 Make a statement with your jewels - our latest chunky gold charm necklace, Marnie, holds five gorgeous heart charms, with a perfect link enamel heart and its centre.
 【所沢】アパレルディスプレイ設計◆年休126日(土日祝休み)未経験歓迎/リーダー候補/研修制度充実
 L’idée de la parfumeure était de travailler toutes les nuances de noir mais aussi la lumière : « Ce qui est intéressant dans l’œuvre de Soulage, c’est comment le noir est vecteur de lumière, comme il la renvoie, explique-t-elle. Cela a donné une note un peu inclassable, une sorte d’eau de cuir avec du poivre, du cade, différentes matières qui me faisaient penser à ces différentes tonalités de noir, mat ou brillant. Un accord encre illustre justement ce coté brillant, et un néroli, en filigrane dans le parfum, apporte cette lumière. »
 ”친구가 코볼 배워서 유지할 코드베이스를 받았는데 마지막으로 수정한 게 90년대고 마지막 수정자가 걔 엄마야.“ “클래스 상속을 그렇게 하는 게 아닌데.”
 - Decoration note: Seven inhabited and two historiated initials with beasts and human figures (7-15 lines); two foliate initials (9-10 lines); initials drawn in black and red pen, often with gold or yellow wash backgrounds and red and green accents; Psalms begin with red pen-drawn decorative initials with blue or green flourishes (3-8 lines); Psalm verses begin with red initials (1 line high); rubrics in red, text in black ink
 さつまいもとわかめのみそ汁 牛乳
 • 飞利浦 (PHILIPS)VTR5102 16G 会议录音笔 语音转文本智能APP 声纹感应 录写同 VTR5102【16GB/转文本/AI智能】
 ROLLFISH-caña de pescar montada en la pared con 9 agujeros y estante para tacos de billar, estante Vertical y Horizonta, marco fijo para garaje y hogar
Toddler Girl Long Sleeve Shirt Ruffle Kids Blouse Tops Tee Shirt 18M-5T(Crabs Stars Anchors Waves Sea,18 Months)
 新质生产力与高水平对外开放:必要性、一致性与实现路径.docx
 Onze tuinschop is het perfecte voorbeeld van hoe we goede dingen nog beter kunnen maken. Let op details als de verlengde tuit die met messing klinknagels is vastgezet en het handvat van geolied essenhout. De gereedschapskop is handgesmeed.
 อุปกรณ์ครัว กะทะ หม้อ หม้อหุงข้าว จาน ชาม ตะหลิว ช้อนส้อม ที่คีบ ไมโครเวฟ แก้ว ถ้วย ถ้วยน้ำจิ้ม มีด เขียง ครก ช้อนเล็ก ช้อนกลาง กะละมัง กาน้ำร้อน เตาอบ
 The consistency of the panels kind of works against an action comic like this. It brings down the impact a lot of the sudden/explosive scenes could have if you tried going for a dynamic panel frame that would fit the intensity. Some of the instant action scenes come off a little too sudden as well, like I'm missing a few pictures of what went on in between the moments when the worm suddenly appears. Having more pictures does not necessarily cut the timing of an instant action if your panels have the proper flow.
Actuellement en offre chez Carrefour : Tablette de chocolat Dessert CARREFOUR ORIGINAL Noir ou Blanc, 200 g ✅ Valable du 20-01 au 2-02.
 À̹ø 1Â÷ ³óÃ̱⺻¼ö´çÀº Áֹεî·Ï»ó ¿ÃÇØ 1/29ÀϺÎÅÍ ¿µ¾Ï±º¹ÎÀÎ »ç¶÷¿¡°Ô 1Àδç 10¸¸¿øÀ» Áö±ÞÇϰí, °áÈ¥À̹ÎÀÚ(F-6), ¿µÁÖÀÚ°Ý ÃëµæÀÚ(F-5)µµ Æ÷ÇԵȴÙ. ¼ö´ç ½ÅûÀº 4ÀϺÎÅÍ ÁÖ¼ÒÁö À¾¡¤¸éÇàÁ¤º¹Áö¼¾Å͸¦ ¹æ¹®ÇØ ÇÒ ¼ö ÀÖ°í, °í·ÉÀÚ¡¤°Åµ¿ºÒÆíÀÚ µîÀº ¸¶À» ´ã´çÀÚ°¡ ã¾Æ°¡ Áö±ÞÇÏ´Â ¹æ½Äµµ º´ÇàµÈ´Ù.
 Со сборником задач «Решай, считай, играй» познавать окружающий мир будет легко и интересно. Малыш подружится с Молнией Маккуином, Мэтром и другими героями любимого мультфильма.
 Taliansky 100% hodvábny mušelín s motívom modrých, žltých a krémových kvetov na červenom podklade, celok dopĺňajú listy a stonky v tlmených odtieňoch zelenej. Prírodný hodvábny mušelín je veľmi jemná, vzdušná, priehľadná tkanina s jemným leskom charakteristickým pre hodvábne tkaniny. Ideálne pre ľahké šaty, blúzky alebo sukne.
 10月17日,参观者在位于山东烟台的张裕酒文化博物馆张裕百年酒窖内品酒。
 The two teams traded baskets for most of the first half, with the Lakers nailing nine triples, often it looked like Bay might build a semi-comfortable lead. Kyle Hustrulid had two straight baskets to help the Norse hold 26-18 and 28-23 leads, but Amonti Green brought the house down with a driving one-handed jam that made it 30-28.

### Exercise prompt
What you give back should be only the lines of the records above, starting at the line with "新质生产力与高水平对外开放:必要性、一致性与实现路径.docx" and ending at the line with "Onze tuinschop is", restated word for word.

### Written solution
 新质生产力与高水平对外开放:必要性、一致性与实现路径.docx
 Onze tuinschop is het perfecte voorbeeld van hoe we goede dingen nog beter kunnen maken. Let op details als de verlengde tuit die met messing klinknagels is vastgezet en het handvat van geolied essenhout. De gereedschapskop is handgesmeed.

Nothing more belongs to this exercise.